Information supplied:
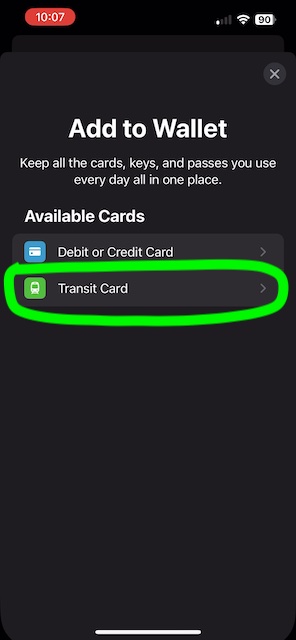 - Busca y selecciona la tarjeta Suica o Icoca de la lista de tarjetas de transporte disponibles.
==
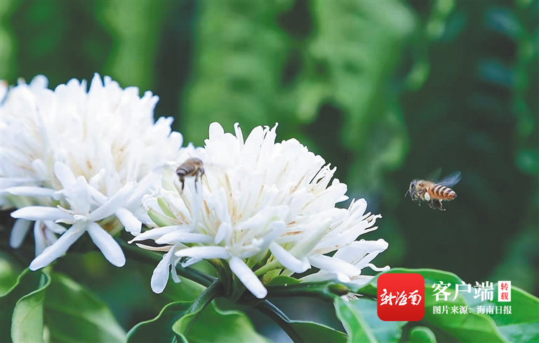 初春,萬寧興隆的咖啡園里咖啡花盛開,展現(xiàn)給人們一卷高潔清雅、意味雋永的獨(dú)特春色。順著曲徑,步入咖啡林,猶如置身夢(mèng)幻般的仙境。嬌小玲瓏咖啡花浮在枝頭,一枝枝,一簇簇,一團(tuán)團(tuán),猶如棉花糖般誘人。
...
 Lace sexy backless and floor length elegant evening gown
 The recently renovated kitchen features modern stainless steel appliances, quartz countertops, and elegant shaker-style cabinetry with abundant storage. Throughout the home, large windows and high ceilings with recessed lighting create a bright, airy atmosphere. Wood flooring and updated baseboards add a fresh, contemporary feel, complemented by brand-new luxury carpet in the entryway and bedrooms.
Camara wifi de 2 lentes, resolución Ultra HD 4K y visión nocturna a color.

Your assignment: Transcribe, exactly and without additions, the lines of the records above, beginning with the line that contains "Lace sexy backless" and ending with the line that contains "Camara wifi de", both included.

Solution to the exercise:
 Lace sexy backless and floor length elegant evening gown
 The recently renovated kitchen features modern stainless steel appliances, quartz countertops, and elegant shaker-style cabinetry with abundant storage. Throughout the home, large windows and high ceilings with recessed lighting create a bright, airy atmosphere. Wood flooring and updated baseboards add a fresh, contemporary feel, complemented by brand-new luxury carpet in the entryway and bedrooms.
Camara wifi de 2 lentes, resolución Ultra HD 4K y visión nocturna a color.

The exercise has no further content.